When he does return from a foreign trip, Johannes is distant with his new wife. However, he presents her with a dolls house replica of his home which Nella immediately begins to fill with miniature furniture and figures. When the miniaturist sends pieces that she did not order, and continually does so, Nella  is at first annoyed then curious. There is something unnatural about the way in which the tiny figures are predictive of future events as if their creator had a crystal-ball view of the Brandts’ business and personal life.

A tiny spoiled loaf of sugar, representing the consignment that is beginning to rot in the warehouse; the tiny dog with a flack of blood on its head; the miniature of a woman with swollen belly; the replica of the English boy with a stab wound; the empty parakeet cage; are these accidental flaws, lucky guesses or products of some devilish foreknowledge? Nella has to find out, but the miniaturist remains hidden, unreachable behind the walls of the house in Kalverstraat ‘at the sign of the sun’.

“This is not a small baby … Nella thinks of the little cradle in the cabinet house and a shiver runs up her body. How did the miniaturist know about this?”

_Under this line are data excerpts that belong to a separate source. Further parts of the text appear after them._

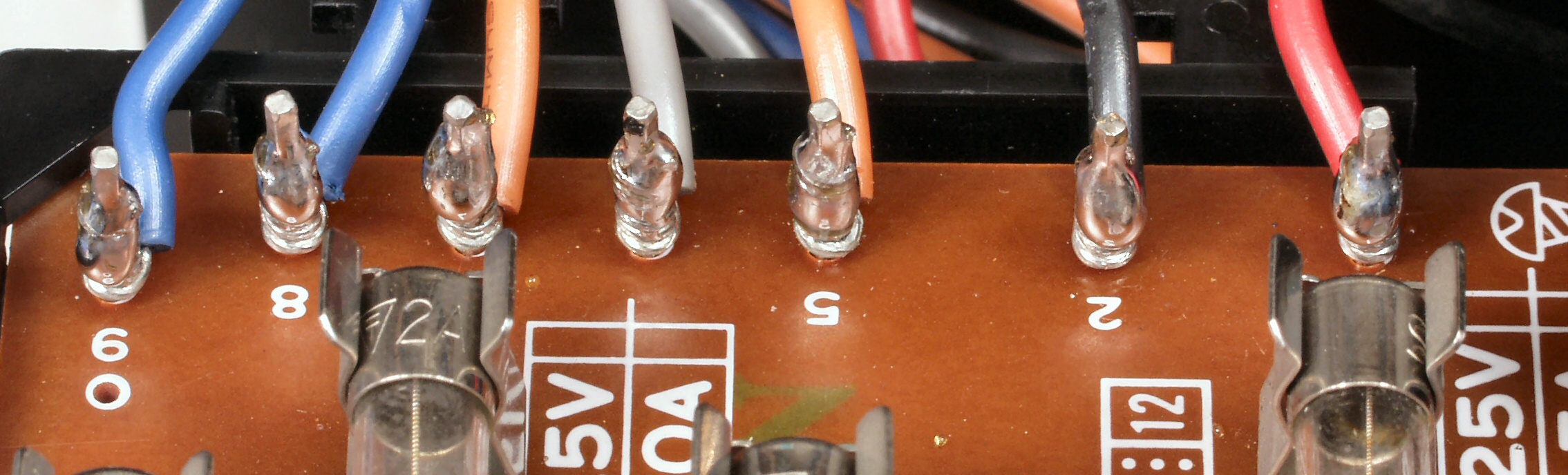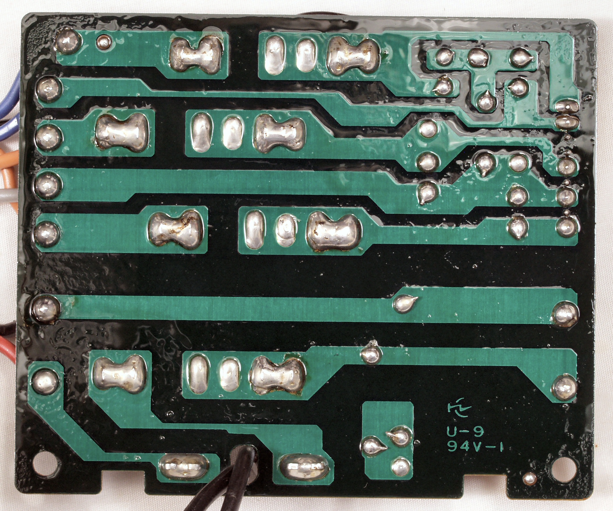 | C−6H. 完成ヒューズ基板裏。余分なフラックスを落として、コート液を塗る。 | ||||||||||||||||||||||||||||||||||||||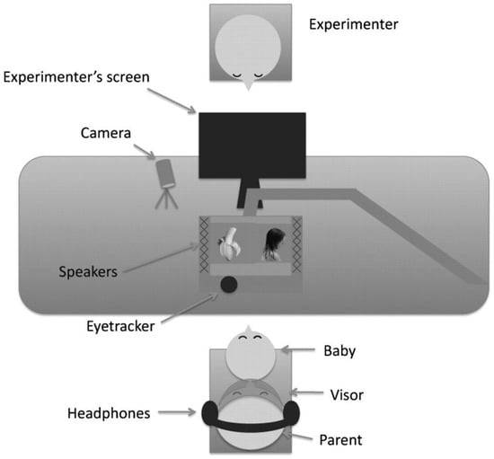 The groundwork studies of Spelke (1976) and Thomas et al. (1981) provided a starting point for later research in which preferential-looking measures were further adapted to assess early language comprehension (e.g., [,]). More specifically, the method of Golinkoff et al. (1987) [], known as the intermodal preferential-looking paradigm (IPLP), was revolutionary in that it combined use of visual and auditory stimuli simultaneously, soon becoming one of the most used experimental designs using this technique. In the procedures of these studies, infants sit on a parent’s lap in the middle of two television monitors. A concealed audio speaker midway between the two monitors plays a linguistic stimulus that matches only one of the displays shown on the screens. Mounted atop the speaker is a light that comes on during each intertrial interval to ensure that the infant makes a new choice about which screen to look at on each trial. A hidden camera records the child’s visual behavior. Researchers typically used the total looking time to the target picture and the duration of the longest look to the target picture as indexes of comprehension. With these measures, the IPLP allowed for the investigation of several different questions about burgeoning knowledge in the areas of phonology, semantics, syntax, and morphology in infants who are not yet speaking.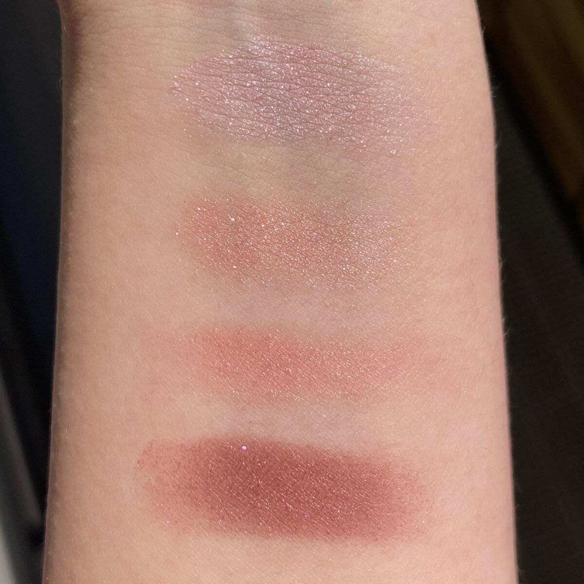 アイシャドウとハイライトがセットになった便利パレット! 2022年大人気だった限定カラーが復活して定番色に! どうみても誰もが使いやすいし好感度高い配色💗 暖かみのあるベージュトーンパレットでどう使ってもナチュラルで抜け感のあるメイクに✨ ラメは細かく繊細だから派手になりすぎず上品☺️ 他の3色はかなり似た色だから簡単にグラデーションが作れるよ! ハイライトはパール感があってツヤッツヤ✨ ベージュトーンのハイライトだから肌馴染みも抜群! 自然なツヤ感と立体感を作ってくれるよ😆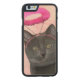 ピンクエンジェルハロー付き黒猫 CarvedウッドiPhoneケース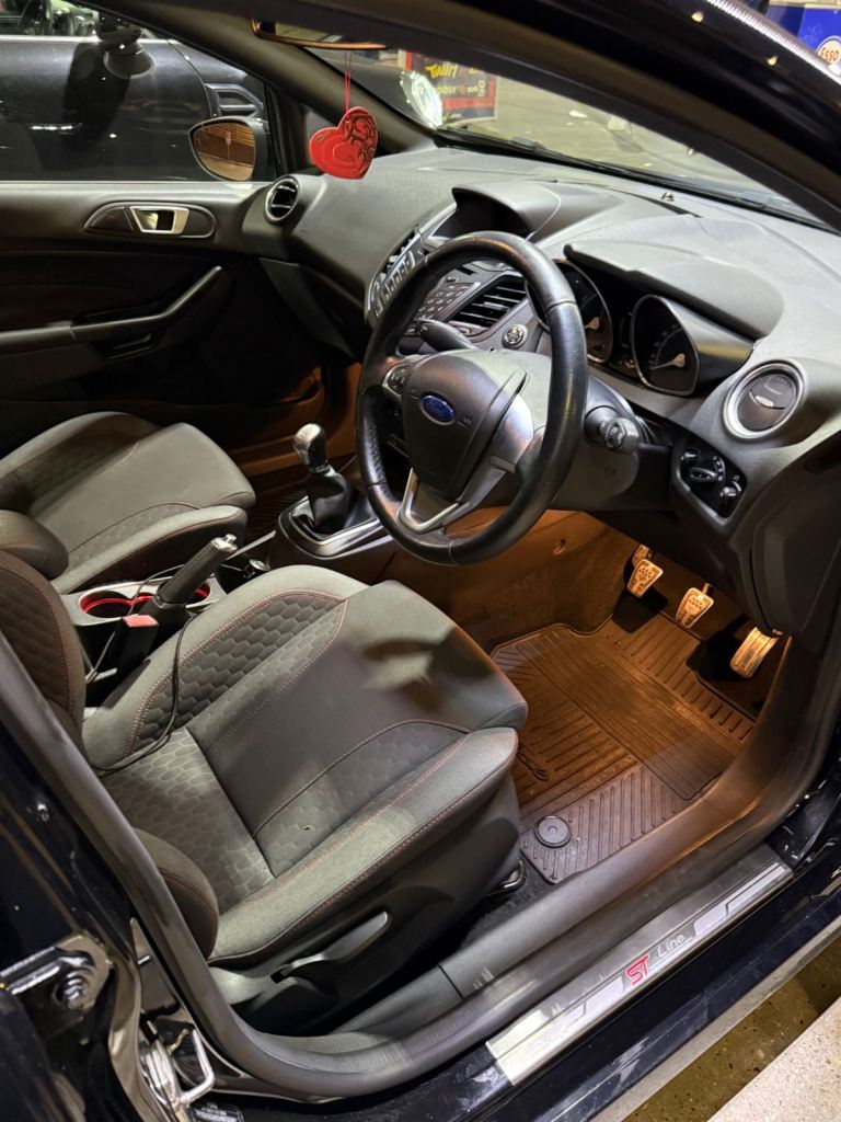 2017 Ford Fiesta ST-Line Black Edition a stylish, sporty hatchback economic and practicality. The car also offers keyless entry This stunning 5-door model has covered just 57,000 miles and has been recently serviced, so it's ready for its next owner to simply drive away and enjoy. Finished in sleek black with contrasting red accents, the Fiesta ST-Line stands out on the road with its bold styling, sporty body kit, and eye-catching alloy wheels. Under the bonnet, you'll find a responsive and efficient engine paired with a 5-speed manual gearbox, delivering an engaging drive and excellent fuel economy ideal for both city driving and longer journeys. Inside, you'll find a well-kept, modern cabin with sports seats, and ST-Line trim detailing throughout, offering comfort and a premium feel. With five doors, it's practical for families or those who need a bit more space, and the boot offers plenty of room for everyday use. Car has been maintained very well and taken care of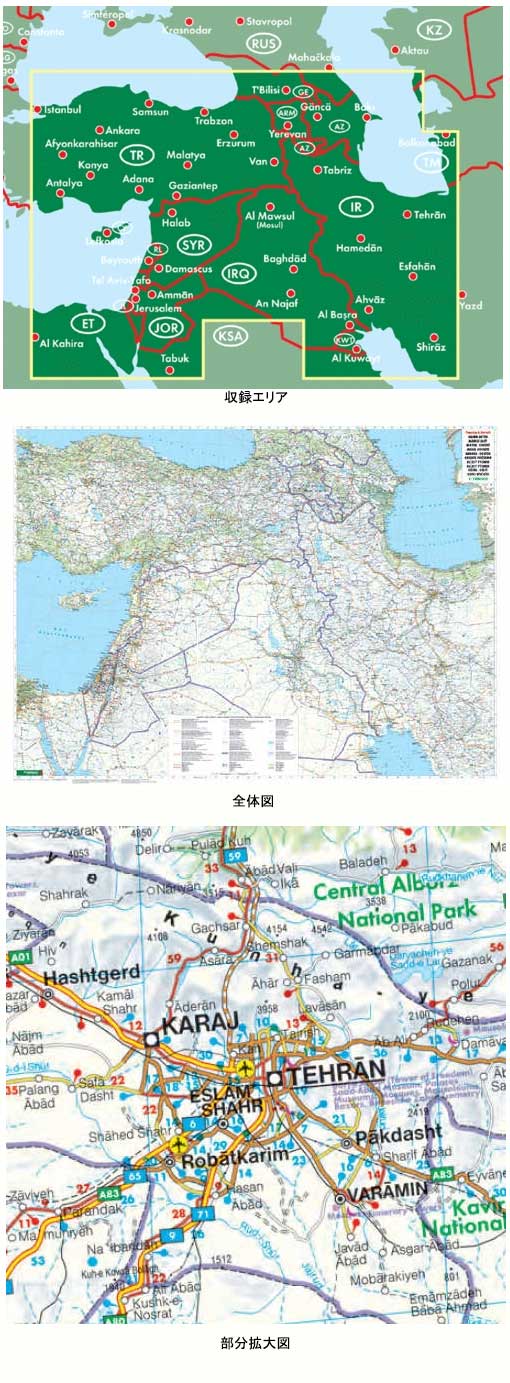 ジョージア中部からイラク・ヨルダン (北から南) 、エジプト北東部・イスタンブールからイラン西部 (西から東) までの範囲を収録。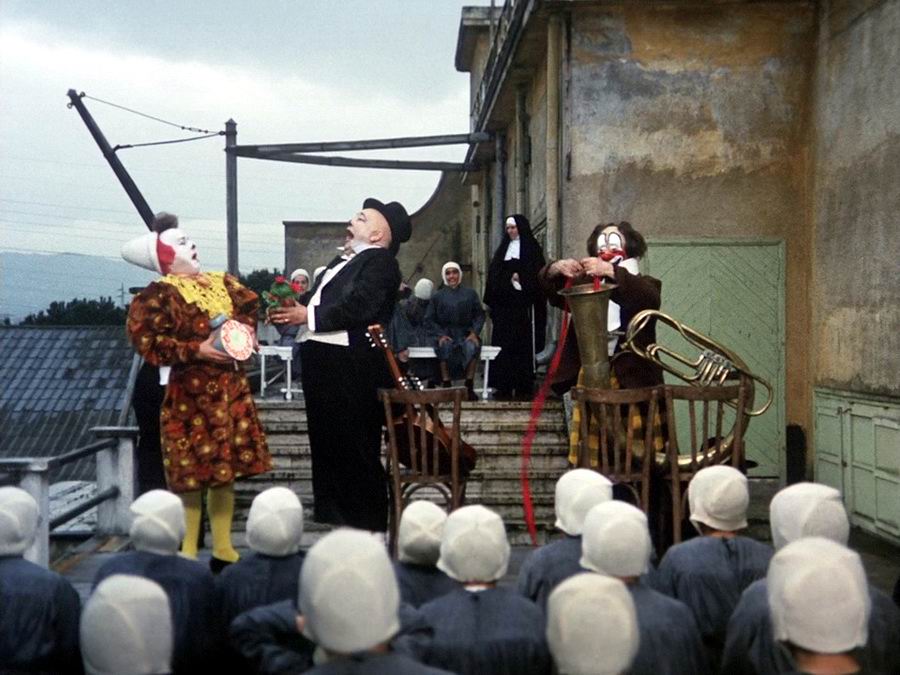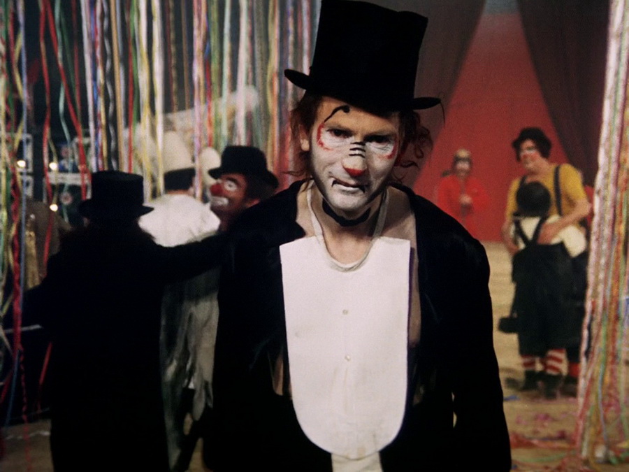 Фильм о цирке, где царит атмосфера игры и казни, праздника и бойни, изящества и безумия и — КЛОУНЫ! Могущественный Белый Клоун и Рыжий — воплощение покорности. В картине клоуны делают все, что им хочется: ломают, поджигают, катаются по полу, а зритель лишь восхищается и аплодирует.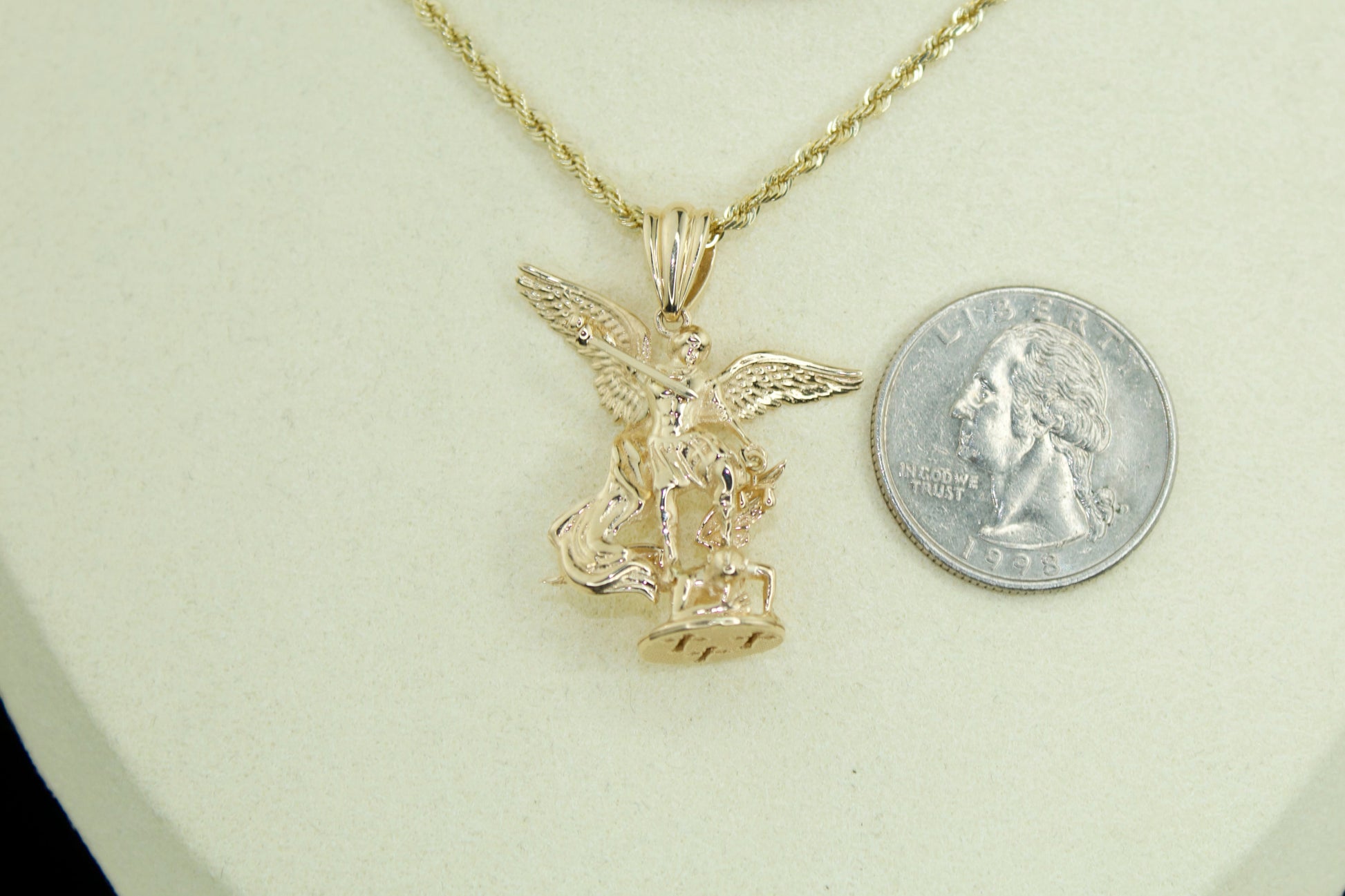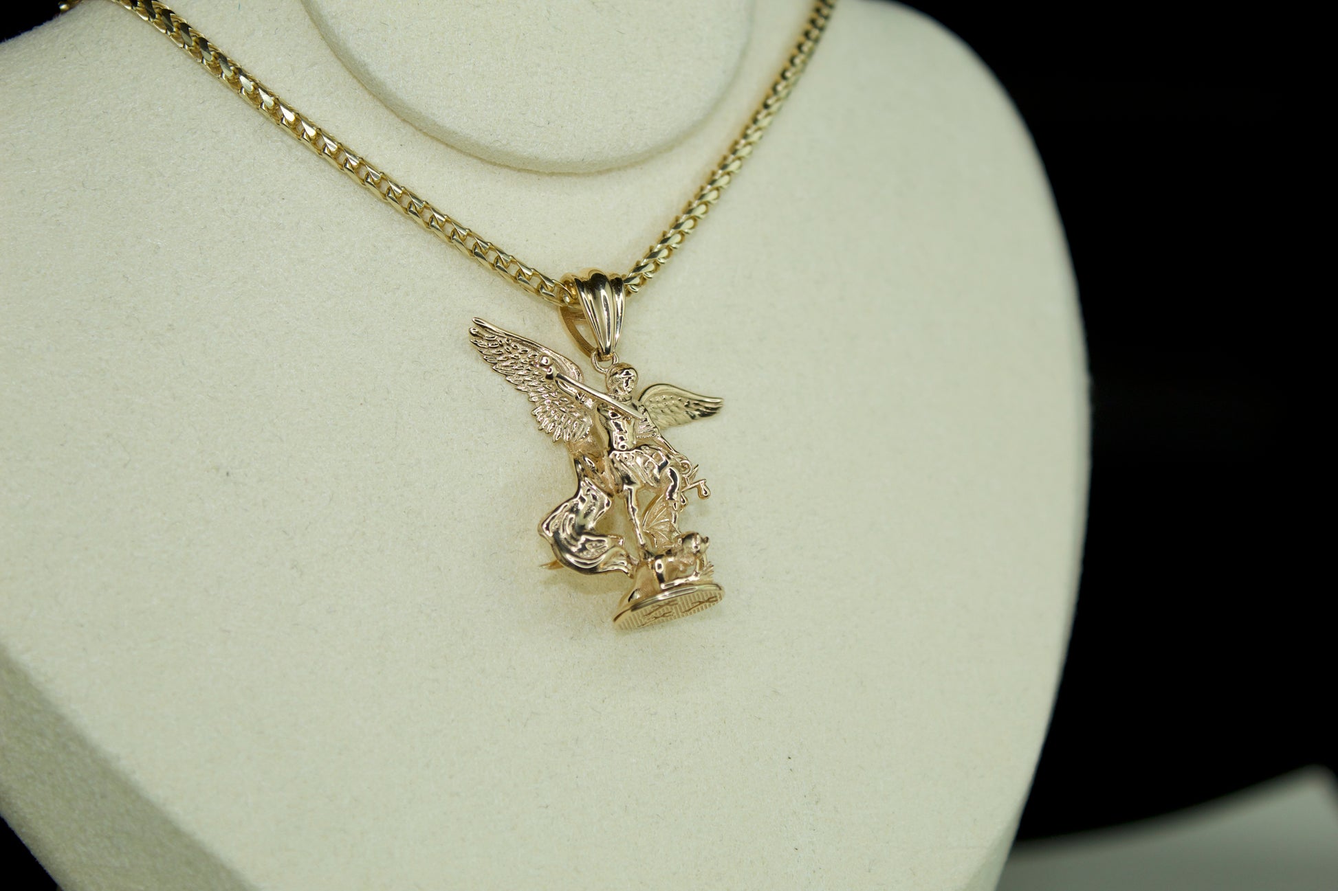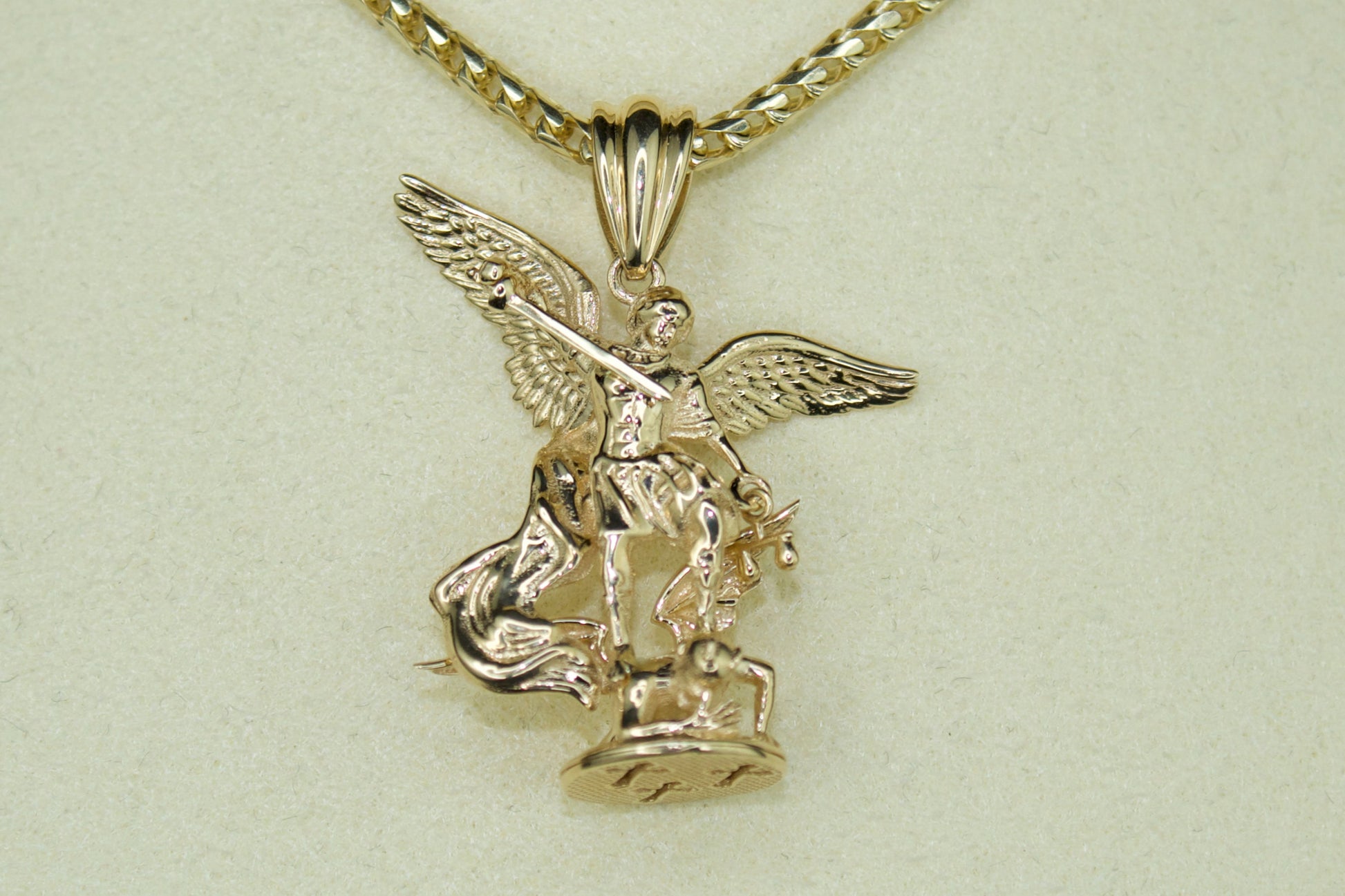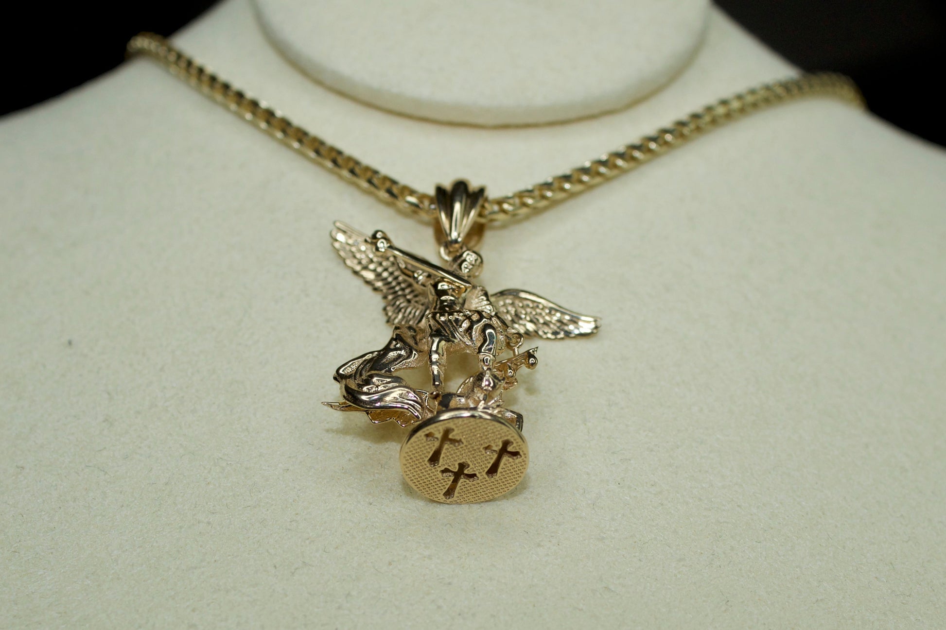 This fully 3D San Miguel Arcángel pendant is crafted in solid 14K gold and built with weight, depth, and detail. It captures the Archangel mid-battle, representing strength and protection in stunning high-relief. A heavy, standout piece that speaks for itself — perfect for collectors who want presence and purpose in their jewelry.

As the predictions of the miniaturist become more sinister, the household approaches a crisis, one that neither money – nor love – will be able to avert. And as we reach the climax of the plot, the question posed by the first two sentences of the prologue comes back to haunt us. Just whose funeral are we attending?

The Miniaturist is an unusual, suspenseful story of love and hate, of prejudice and injustice. The relationships are not always what they seem. And in the open ending, there is a crumb of hope that out of tragedy and loss may come something good and lasting. Burton knows how to use words to create atmosphere; she is good at surprises. I enjoyed the book and might read it again soon to pick up nuances of style and character missed on the first reading.